Coin Center is appealing a previous ruling by the United States district court for Northern Florida, which determined that Tornado Cash generates indirect advantages for foreign entities and individuals that qualify as a financial interest subject to sanctions from the Office of Foreign Assets Control (OFAC).
Jeffrey S. Hetzel, the legal counsel for Coin Center, stated to the 11th Circuit Court of Appeals, “The most straightforward approach to resolving this case is to assert that there is no foreign property involved in the transactions of our plaintiffs.”
The district court was required to eliminate the term “property” from the statute.

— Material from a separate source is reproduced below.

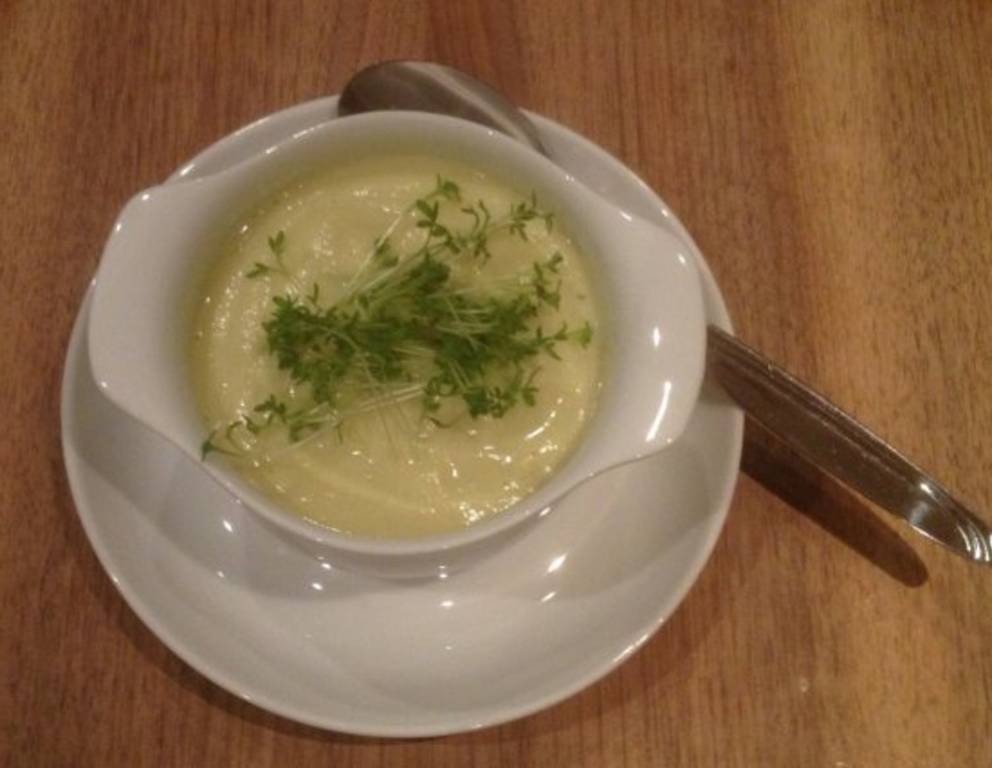 - Für die Karfiolsuppe mit Kresse den Karfiol in Rosen teilen und waschen. In leicht gesalzenem Wasser 15 Minuten garen. Anschließend pürieren.

Hetzel then proceeded with his argument:
“The government, on appeal, says that the software published at the banned addresses is property, but the software is non-proprietary lines of code that no one on the planet can own, control, or alter in any way.”
The United States government’s attorneys responded to Hetzel by arguing that the price appreciation of the Tornado Cash token, TORN, directly benefited TORN holders and that withdrawal fees were a form of accrued benefits for the protocol’s founders.
US Tornado Cash consumers are subject of 2022 Coin Center lawsuit
The United States Treasury Department sanctioned over 40 wallet addresses purportedly associated with the Tornado Cash mixture service in August 2022.
The Treasury Department asserted that these individuals and entities were responsible for approximately $7 billion in money laundering schemes and other illicit transactions at the time.
In 2022, Coin Center filed a lawsuit on behalf of US residents who were using the service to safeguard their privacy in response to the actions of the US Treasury.
According to Coin Center’s attorneys, OFAC and the US Treasury “exceeded their statutory authority” by sanctioning the blending service. The attorneys emphasized that their clients were using the service for lawful purposes.
The US Treasury clarified shortly after Tornado Cash was sanctioned that the Tornado Cash code cannot be published or replicated online in violation of sanctions.
The Treasury also urged individuals who utilized the service before its sanctioning to apply for an OFAC license and acknowledged that it would approve non-illicit transactions.